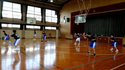 体育館から元気な声が届いてきました。男子バスケットボール部の皆さんが練習に取り組んでいます。ボールを持っているときやディフェンス時の基本姿勢を教わっています。基本姿勢を維持したまま、コートを素早く動き回るのはキツイいでしょう。繰り返し練習し、スキルアップをめざしてください!
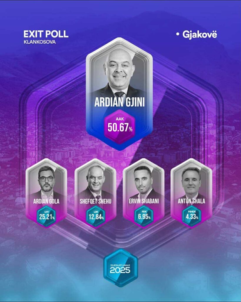 Exit-Polli i Klan Kosova, në bashkëpunim me PIPOS, ka projektuar Ardian Gjinin, kandidat i AAK-së për kryetar të komunës së Gjakovës, fitues qysh në raundin e parë.
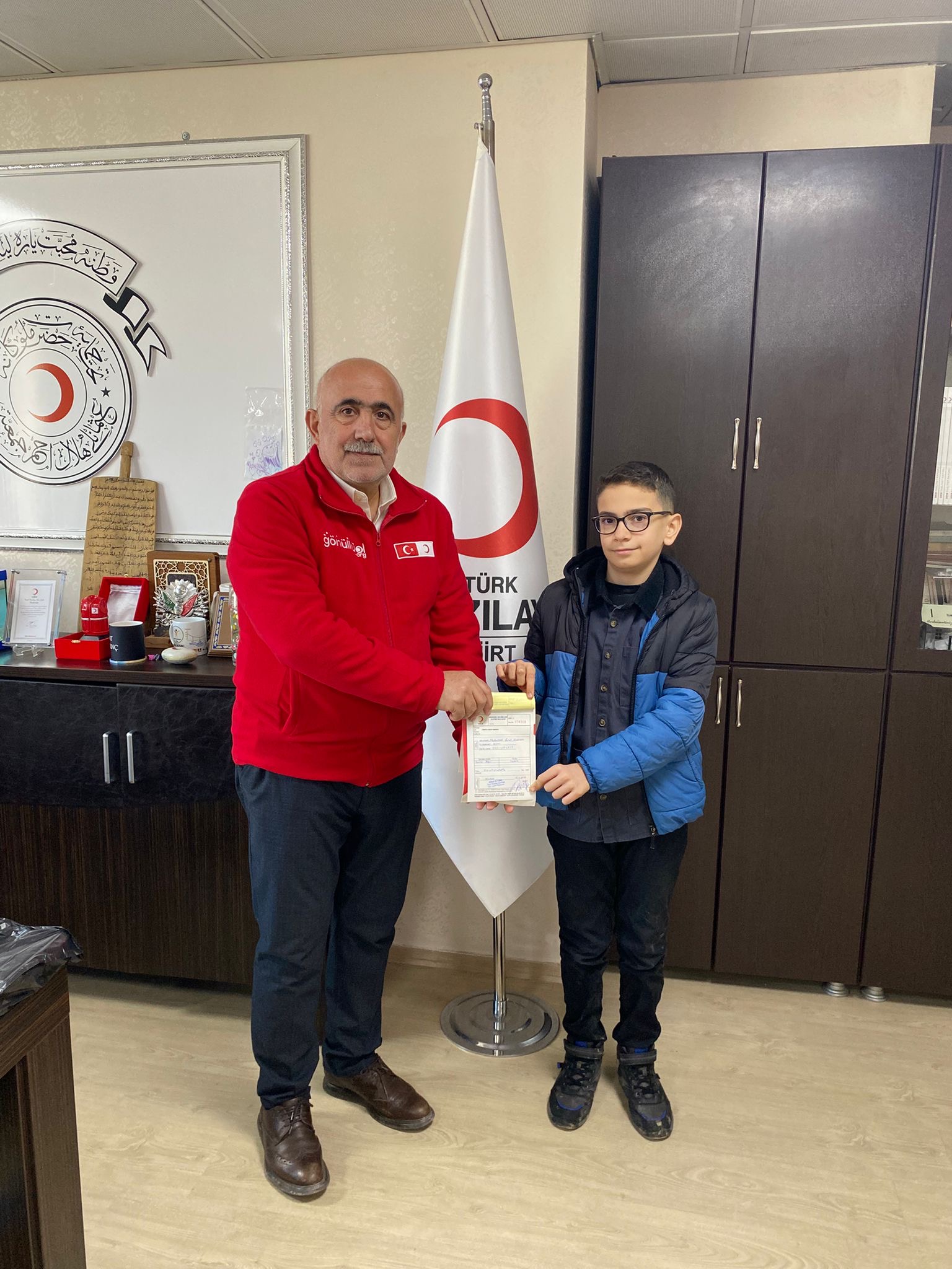 Muhammed Berat Zeybekoğlu, biriktirdiği 1.638 TL tutarındaki bağışı, Türk Kızılayı Siirt İl Başkanlığına teslim etti.
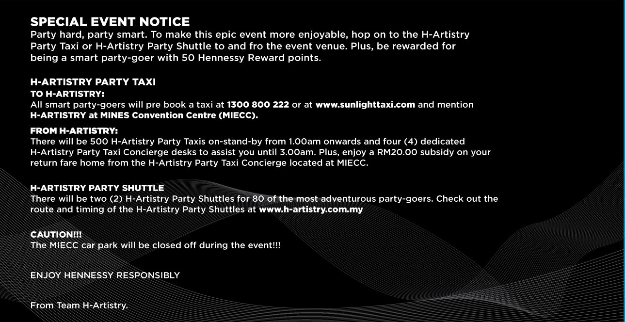 I heard that there won’t be any parking at the venue though, but don’t fret as there will be FREE Party Shuttle (check out www.h-artistry.com.my for more details) and subsidized H-Artistry Party Taxi services (Visit www.sunlighttaxi.com or call 1300 800 222 to book your ride). So you can party hard and party smart! Don’t even need to worry about a designated driver, brilliant!
****************************************
[YOUR INSTRUCTIONS]:
Set down the material word for word, and drop every picture from it.

[EXERCISE RESULT]:
 体育館から元気な声が届いてきました。男子バスケットボール部の皆さんが練習に取り組んでいます。ボールを持っているときやディフェンス時の基本姿勢を教わっています。基本姿勢を維持したまま、コートを素早く動き回るのはキツイいでしょう。繰り返し練習し、スキルアップをめざしてください!
 Exit-Polli i Klan Kosova, në bashkëpunim me PIPOS, ka projektuar Ardian Gjinin, kandidat i AAK-së për kryetar të komunës së Gjakovës, fitues qysh në raundin e parë.
 Muhammed Berat Zeybekoğlu, biriktirdiği 1.638 TL tutarındaki bağışı, Türk Kızılayı Siirt İl Başkanlığına teslim etti.
 I heard that there won’t be any parking at the venue though, but don’t fret as there will be FREE Party Shuttle (check out www.h-artistry.com.my for more details) and subsidized H-Artistry Party Taxi services (Visit www.sunlighttaxi.com or call 1300 800 222 to book your ride). So you can party hard and party smart! Don’t even need to worry about a designated driver, brilliant!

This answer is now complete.